Any One tried OpenSolaris CD? I am thinking of installing it on hdd.livecd takes ages to complete Gnome  .I heard it is supposedly going to be userfriendly and got Debian's apt ported for software management (project Indiana?) 




> *What is OpenSolaris?
> **OpenSolaris is an operating system (OS), a source base, and a community. The project's goals are innovation, collaboration, and the extension of OpenSolaris technology. Below are key OpenSolaris-related technologies:*
> *OpenSolaris Source Code: This is the source base for open development. It consists of several components called consolidations. See the downloads page for the technologies released and the roadmap for future releases. At present, the OpenSolaris source base is not enough to bootstrap an entire system, so developers start by downloading an OpenSolaris distribution and installing the OpenSolaris bits on top.*​ *Solaris Express Community Edition: This is Sun's unsupported binary release of OpenSolaris plus additional technology not released as source. Developers can build the OpenSolaris source by using this release as the base system. The release is also known as Nevada, it's, updated every two weeks, and it's available as a free download.*​ *Solaris Express Developer Edition: This is Sun's official binary release of OpenSolaris plus additional technology not released as source. Sun offers limited support for this release, and it's intended for developers and customers to try the latest technology that will eventually be productized by Sun. Developer Edition is updated on an approximate quarterly basis, it undergoes more testing than Community Edition, and it's available as a free download.*​ *OpenSolaris Developer Preview: This is a community-developed binary distribution of an operating system based on the OpenSolaris source code, and it's the first milestone from Project Indiana. It runs on Intel and AMD processors on the server and desktop. It is free to use, modify, and redistribute. See Project Indiana*​ *Solaris OS: This is Sun's fully supported and tested enterprise operating system, and future versions of Solaris will be based on technology from the OpenSolaris project. Solaris is available as a free binary download, and Sun offers service packages and regular updates.*​


*opensolaris.org/os/about/faq/general_faq
Here is the link to download:
*dlc.sun.com/osol/opensolaris/2008/05/os200805.iso

see this page for OpenSolaris based distros 
*opensolaris.org/os/downloads/

Do share your experience


----------



## aditya.shevade (May 21, 2008)

My friend uses Belenix. He says it is good off his USB drive.


----------



## praka123 (May 21, 2008)

well,opensolaris resource thing which is scary to me!I got only 384MB ram and a 256MB GFX card  one good thing is,this distro carried nvidia/ati drivers unlike Linux distros like Ubuntu.


----------



## FilledVoid (May 21, 2008)

> My friend uses Belenix. He says it is good off his USB drive.

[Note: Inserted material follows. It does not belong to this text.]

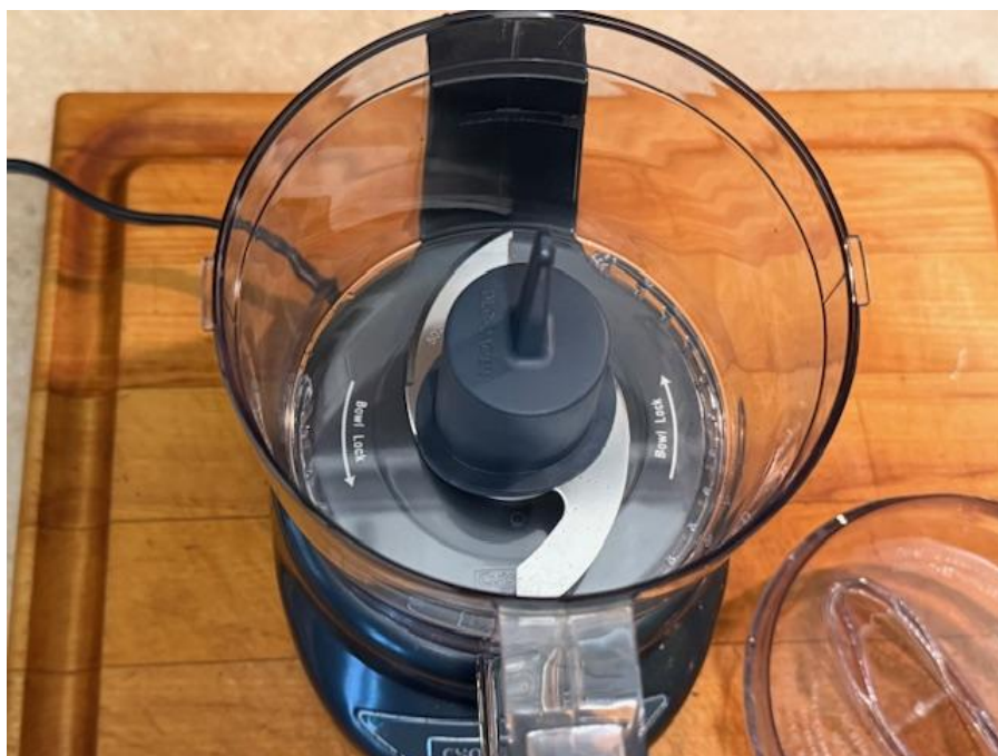
Fig. 4. Place blade attachment into bowl and turn to secure.

Wouldnt get installed on my system.


----------



## praka123 (May 21, 2008)

^do u want opensolaris CD?just PM me


----------



## NucleusKore (May 21, 2008)

Yes, I tried BeleniX too, nothing remarkable I found in it for my use. I read that Solaris is good for soft raid?


----------



## praka123 (May 21, 2008)

well,belenix ,I had tried latest version sometimes back,it worked fine(but kde :eeks: )

I find opensolaris livecd much better and stylish,you can install kde too  
one nagging thing these BSD and derivatives is that they dont get installed in logical partitions  !I know Solaris ppl are working on it.still...it is hard for me,I have to use gparted to limit extended partition to get some free space to make another primary partition(total 5 as u know).


----------



## Pathik (May 21, 2008)

Yamaraj uses OpenSolaris I think.


----------



## praka123 (May 21, 2008)

^yeah.but he is not online for months


----------



## FilledVoid (May 21, 2008)

> ^do u want opensolaris CD?just PM me



Heh Well I think OpenSolaris might be way complicated for me  . But I will let you know if I need .


----------



## infra_red_dude (May 21, 2008)

I've played with OpenSolaris for a while now. But it just isn't ready for Desktop use. Hardware drivers are a major issue! Linux based OS are much better in this dept. Overall if your hardware is supported and if you know a bit of Linux you can easily get started in opensolaris. IMHO it has got great potential but lacks the initial kickstart.


----------



## shady_inc (May 21, 2008)

I had ordered an opensolaris CD from get.opensolaris.org, but the godforsaken thing never reached me...


----------



## subratabera (May 21, 2008)

I am trying it out. I am a great fan of Solaris. One of my friend is working as Solaris admin and we often meet to discuss various details on Solaris. Solaris is way too complicated for general user (as per my view) and OpenSolaris is making it easy to try this wonderful OS. Looking forward to this thread.


----------



## blueshift (May 21, 2008)

^ I ordered too. It will take atleast 3-4 weeks. Have patience.


----------



## praka123 (May 22, 2008)

384MB RAM is the problem...  but I like opensolaris.esp after reading about solaris not EXACTLY BSD,but again forked away loong back from BSD. got ZFS fs,got apt like implementation...


----------



## mehulved (May 22, 2008)

Resizing my partition to install opensolaris. Only problem right now is that 3 drivers are missing, of that 2 are for my network cards and 1 for my winmodem  that's a bit of problem, but I have found drivers for one of my network card, the one connected to the net so that's good enough.


----------



## SunnyChahal (May 22, 2008)

Any chance of this 'wonderful' OS working with my 8800 GTS 512 SLI setup?
I heard that it has good hardware support


----------



## Yamaraj (May 22, 2008)

Pathik said:


> Yamaraj uses OpenSolaris I think.


No! I use Solaris Express, which is the 'real' Solaris out there (beta of Solaris 11). OpenSolaris is an attempt to provide a GNU userland with a working Solaris kernel, along with the fancy stuff like DTrace, ZFS and IPS.



praka123 said:


> ^yeah.but he is not online for months


I am usually online only to read posts. If I haven't posted anything in a long time, it's only because of the lack of interesting threads ...and not my absence.


----------



## praka123 (May 22, 2008)

^Do you think with 384MB of RAM,opensolaris will work on my system(hdd install)?ofcourse,I got a 256MB 7300GT


----------



## Yamaraj (May 22, 2008)

> OpenSolaris 2008.05 requires 10 GB minimum disk space. It is known to work with a minimum memory requirement of 512 MB, though this may vary on some machines.


 - from OpenSolaris FAQ

It'll probably not even install if your system doesn't meet the minimum hardware requirements. It's better if you upgrade your system memory to 1GB, for even Solaris Express DE requires 768MB for installation.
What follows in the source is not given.